One of the few techniques for 3D object localization, which aims for robustness to camera motion, is described in [11]. The approach computes the time-varying fundamental matrix, facilitating the estimation of the relative position of two objects (e.g., the hand and an object to grasp). However, it does require a precise kinematic model of the robot.
The precision of all of these approaches depends upon a very accurate kinematic model (or estimation thereof) of the robot. Currently however, no module estimating the kinematics of the iCub exists, this is partly due to the openly available construction models and thorough calibration procedures that should be applied regularly.
For other robotic platforms, machine learning has been used to estimate the kinematic model, for example, Bongard et al. employed sensory feedback to learn [12], but without high-dimensional sensory information such as camera images. A different approach is to learn the inverse kinematics of a robotic system. A method to learn in an incremental fashion to control a robot's end-effector to a specific position is presented in [13]. They did not, however, use visual feedback nor try to estimate the position of ‘seen’ objects. Gloye et al. used visual feedback to learn the model of a holonomic wheeled robot [14].

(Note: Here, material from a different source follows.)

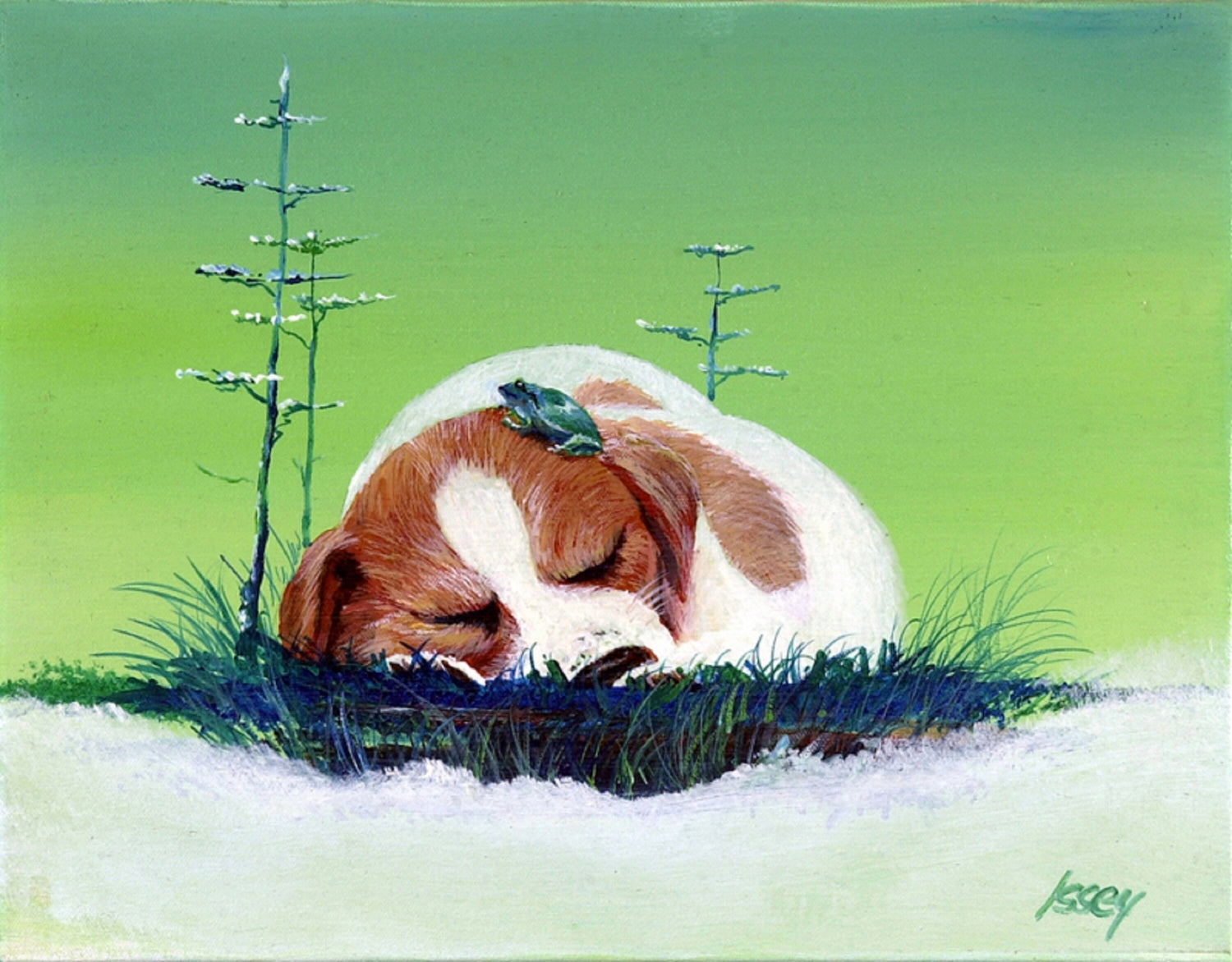 朝露にまみれて遊びほうけた子犬・・・・、疲れて眠る・・頭にカエル。

The most accurate, currently available, localization tool for the iCub exists in the ‘stereo Vision’ module. It provides accuracy in the range of a few centimetres, but with high variance depending on where the object is ‘seen’ in the camera frame. Unlike the presented log-polar approach, this module for 3D localization 3 works with the entire iCub kinematic model, providing a position estimate in the CSWorld coordinate frame. The module requires the previously mentioned ‘Cartesian controller’ and uses tracking of SIFT [17] and SURF [18] features to improve the kinematic model of the camera pair by estimating a new fundamental matrix, after moving eyes, head and torso. Feature analysis is however computationally expensive and therefore not suited for some embodied applications.
Approaches trying to develop hand-eye coordination have previously been investigated. For example, Hager et al. investigated a simple visual distance error feedback control [15]. Langdon and Nordin have used a genetic programming approach to evolve basic control of a simple humanoid robot hand to a visual fixation point [16]. Although these approaches provide a way of controlling the robot, they do not provide a precise 3D coordinate of the target.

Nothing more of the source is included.